Most of the examples of "lots of chords" songs are the type that play one pattern all the way around the circle of fifths.
This got me to thinking - always dangerous. Just how many chords could a person use, WITHOUT resorting to modern atonal effects or extreme modulations, and without ever having any chain of fifths longer than vi-ii-V-I? Could I still use a button from all 12 columns of the Stradella bass?
Challenge accepted!
Attached is "Sonatina in D Minor," a left-hand torture device for your listening pleasure.
Sheet music:
PDF link
Computer-generated sound file:
MP3 link
It's a short classical-sonata-form piece. Any one passage should sound like could have been lifted from, say, a Haydn string quartet or piano sonata (though the overall effect is more 19th century.) Modulations only to closely related keys (G minor, A minor, Bb major, F major, C major), even in the development.

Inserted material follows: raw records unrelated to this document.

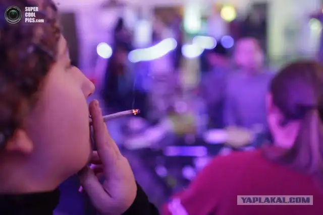 Парень раскуривает косяк в первый день работы клуба Club 64 в Денвере, штат Колорадо.
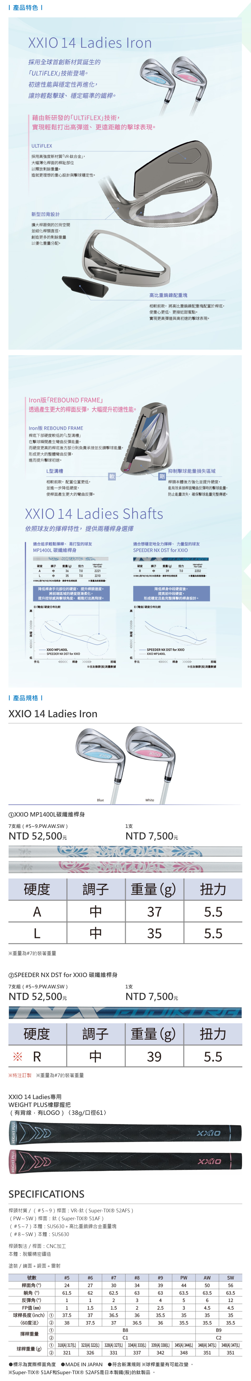 [女仕] Dunlop XXIO XXIO 14 MP1400 Ladies Iron 高爾夫 鐵桿組 全新ULTiFLEX科技 新型凹背設計 高比重鎢鎳配重塊 提高初速性能與穩定性 I6-9、P、A、S 共7支 25 NEW
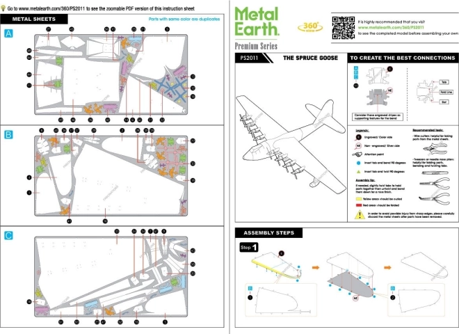 Din foi metalice plate vei asambla o replică detaliată a legendarului uriaș hidroavion cunoscut ca Spruce Goose. Datorită gravurii laser ies în evidență liniile fine ale fuselajului, aripile și cele opt unități de propulsie. Modelul este ideal ca decor elegant pentru birou sau vitrină și va încânta orice pasionat de aviație și tehnică.
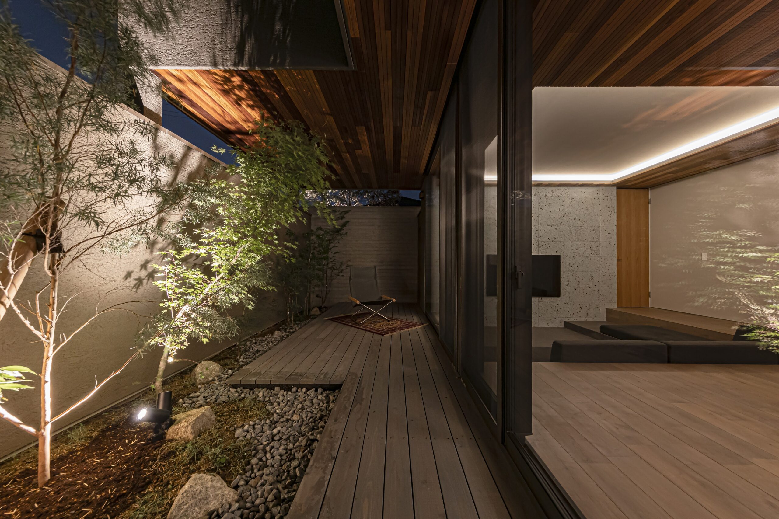 大きな窓の向こうに広がる中庭は、暮らしの中心。植栽や石、ウッドデッキが調和し、つい眺めていたくなる景色です。
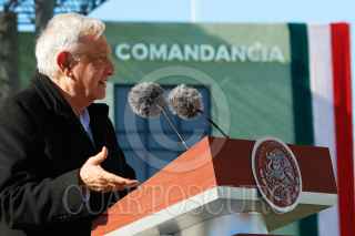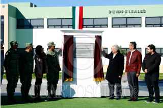 NUEVO LAREDO, TAMAULIPAS, 16DICIEMBRE2023.- Andrés Manuel López Obrador, presidente de México, presidió la ceremonia de inauguración de las instalaciones del 16/o. Regimiento de Caballería Motorizado. El mandatario estuvo acompañado por: Issac Edmundo Alvarado Ferreti, comandante del 16/o. Regimiento de Caballeria Motorizado; André Georges Foullon Van Lissum, director general de la Agencia Nacional de Aduanas de México; Maximiliano Cruz Ramos, comandante de la IV Región Militar; Luisa María Alcalde Luján, Secretaria de Gobernación; Luis Cresencio Sandoval González, secretario de la Defensa Nacional; Américo Villarreal Anaya, gobernador Constitucional del Estado de Tamaulipas; Juan Pablo de Bottón Falcón, subsecretario de Egresos de la Secretaría de Hacienda y Crédito Público; Juan José Gómez Ruiz, comandante de la 8/a. Zona Militar; José Antonio Hernández Macias, comandante de la Guarnición Militar de Nuevo Laredo, Tamaulipas y Francisco Alvarado Terán, coordinador Estatal de la Guardia Nacional de Tamaulipas. FOTO: PRESIDENCIA/CUARTOSCURO.COM
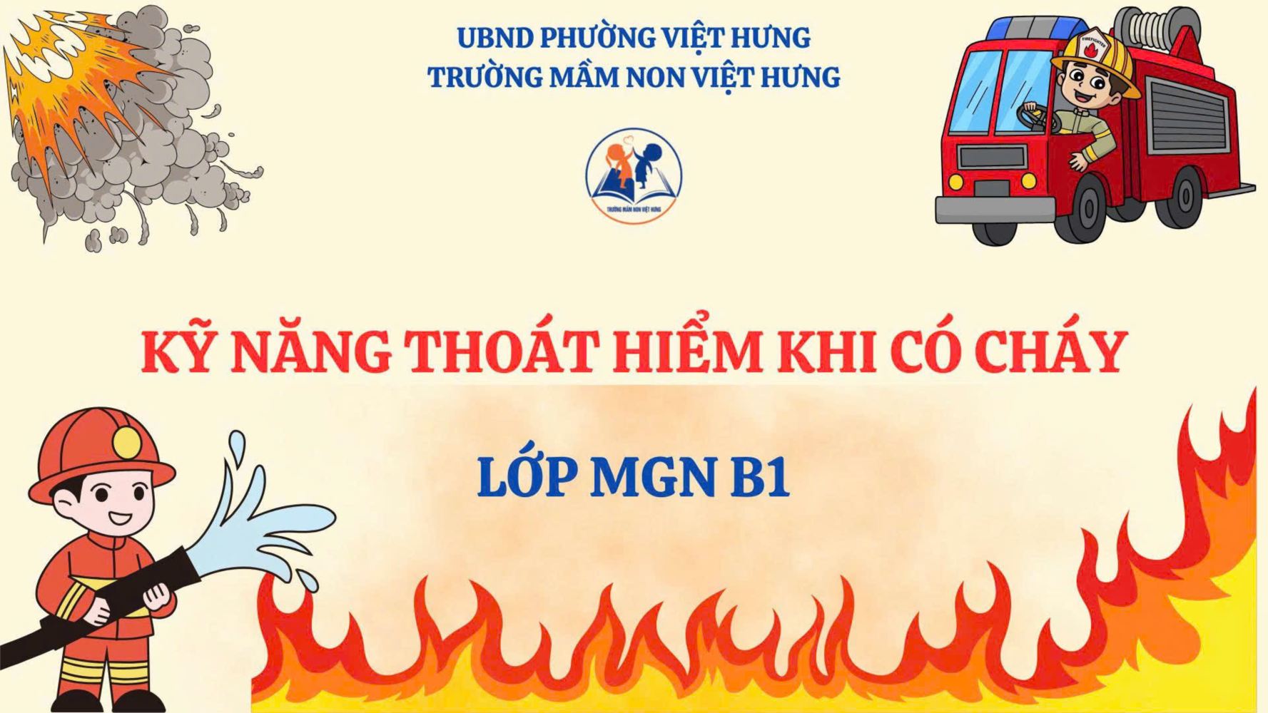 Thông qua các hình ảnh trực quan và trò chơi thực hành, các bé sẽ học cách bình tĩnh, di chuyển an toàn và gọi người lớn hỗ trợ. Đây là một hoạt động bổ ích giúp các con hình thành thói quen an toàn ngay từ khi còn nhỏ.
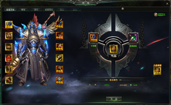 装备升级的材料从国家BOSS、连服BOSS、个人BOSS、天空之城BOSS、国家任务和装备任务中获取。
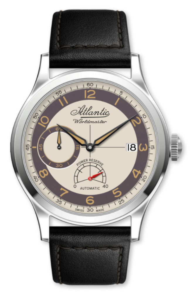 Na přední straně hodinek je průhledné safírové sklíčko , které je extrémně těžké poškrábat. Kryje béžový ciferník se štíhlými ručičkami a arabskými indexy. Ciferník byl obohacen o již dříve zmíněný subciferník rezervy chodu na šesté hodině a vteřinovou ručku na deváté hodině. Ve 3 hodiny je malé datumové okénko. Označuje aktuální den v měsíci. Design ciferníku je čitelný a elegantní. Umožní vám na první pohled téměř okamžitě odečíst čas. Značka Atlantic se postarala o snadné čtení aktuální doby i v naprosté tmě. Na ručičky a indexy je umístěna speciální svítivá luminiscence.
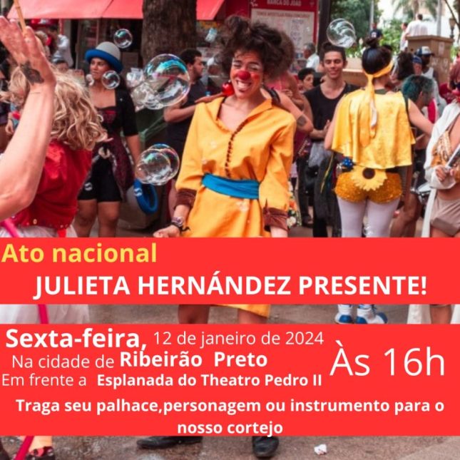 Artistas de Ribeirão Preto realizam na próxima sexta-feira, dia 12, um cortejo artístico, a partir das 16 horas, com concentração em frente ao Theatro Pedro II, em homenagem à artista circense e cicloativista Julieta Hernández, conhecida como “Miss Jujuba”. Estão previstas várias manifestações culturais, como apresentações de bonecos, palhaçarias, exibição de uma canção escrita especialmente sua homenagem.
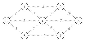 vSet = { 1, 2, 3, 4, 5, 6, 7 } dist = [ 0, 5, 4, 6, ∞, ∞, ∞, ∞ ] pred = [ -1, 0, 0, 0, -1, -1, -1, -1 ]Now the vertex in vSet with minimum dist[] is 2. Considering all edges from 2 to nodes still in vSet:
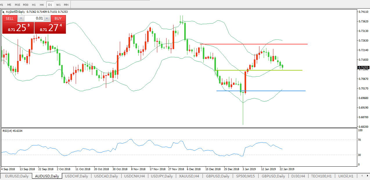 基本面分析:去年第四季,中国经济增长在国内需求疲软和美国关税的压力下降温,将2018年的经济增速拉至近30年来的最低水平。越来越多的中国经济疲软迹象加剧了人们对世界经济风险的担忧。澳元温和下行。
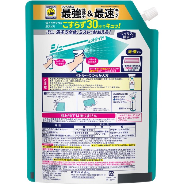 배스 매직클린 에어 제트 허벌 시트러스 향 리필용 1100ml 카오 > 욕실 클리너
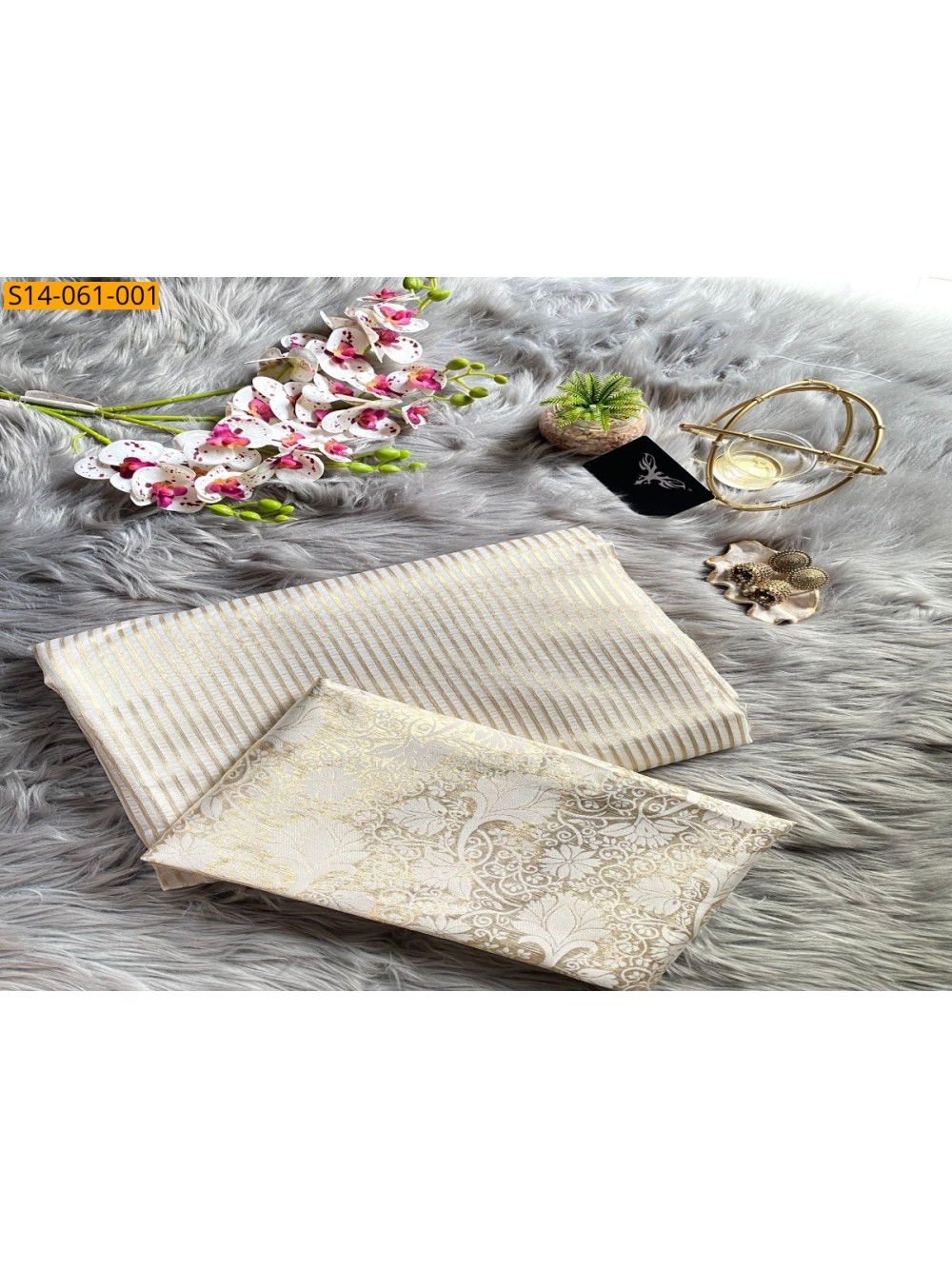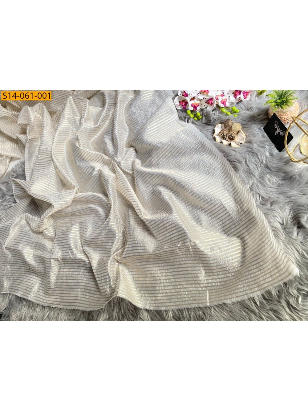 - Golden Zari weaving stripes design all over the body
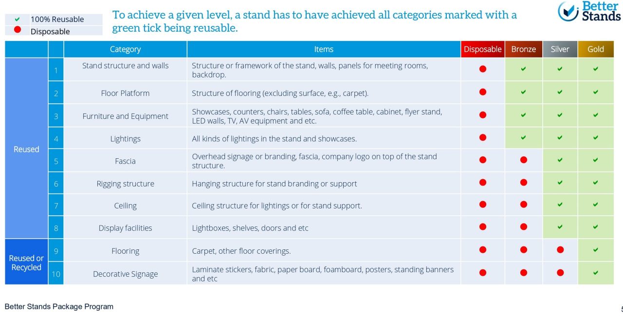 Disposable, single-use stands account for around 80% of the total waste from our event, which is why we are adopting the Better Stands programme.
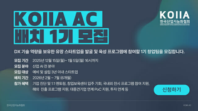한국산업지능화협회(KOIIA)는 산업인공지능전환(산업AX) 역량을 보유한 초기 기술창업기업을 대상으로 내년 1월 5일까지 창업팀을 모집해 KOIIA AC 배치 프로그램을 운영한다고 17일 밝혔다.
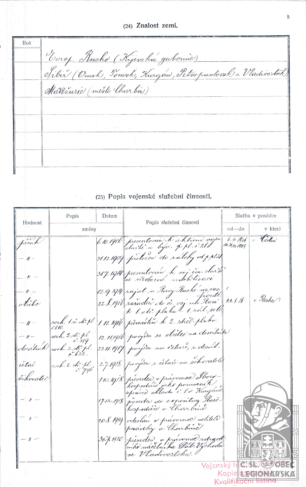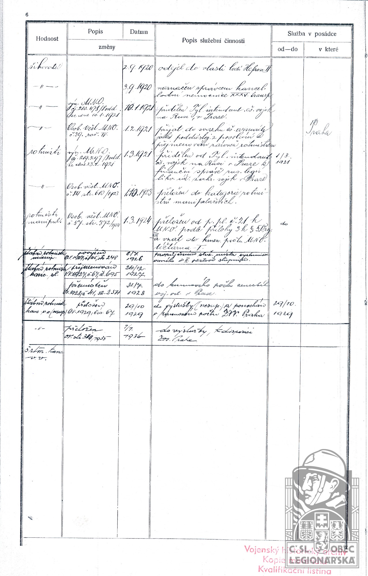 Zdroj informací: legionářský poslužný spis osobní karta legionáře
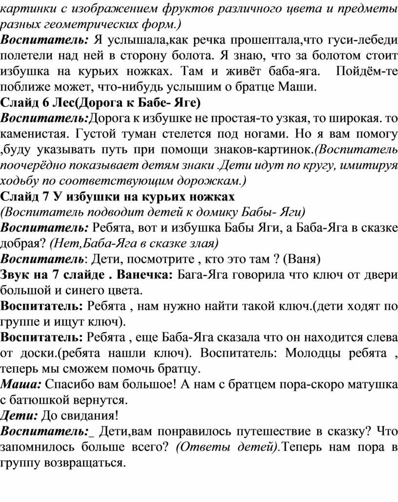 Воспитатель: Я услышала,как речка прошептала,что гуси-лебеди полетели над ней в сторону болота. Я знаю, что за болотом стоит избушка на курьих ножках. Там и живёт баба-яга. Пойдём-те поближе может, что-нибудь услышим о братце Маши.

The final score: 28 chord buttons, 11 fundamental basses, and 8 counterbasses, including at least one chord button and at least one bass in each of the 12 columns. Buttons used highlighted in black below:
It is admittedly "not very accordion-istic;" it's written more the way you'd write for an organist, who is happy to play any two chords in succession and cares a lot about the voice-leading in the inner voices and bass line. And it uses chord buttons in a lot of places where it makes more sense to give one or two extra notes to the right hand and omit the button.
But the point was more to illustrate how many chord buttons COULD be used, if you cared only about the notes and not about making the player's life easy.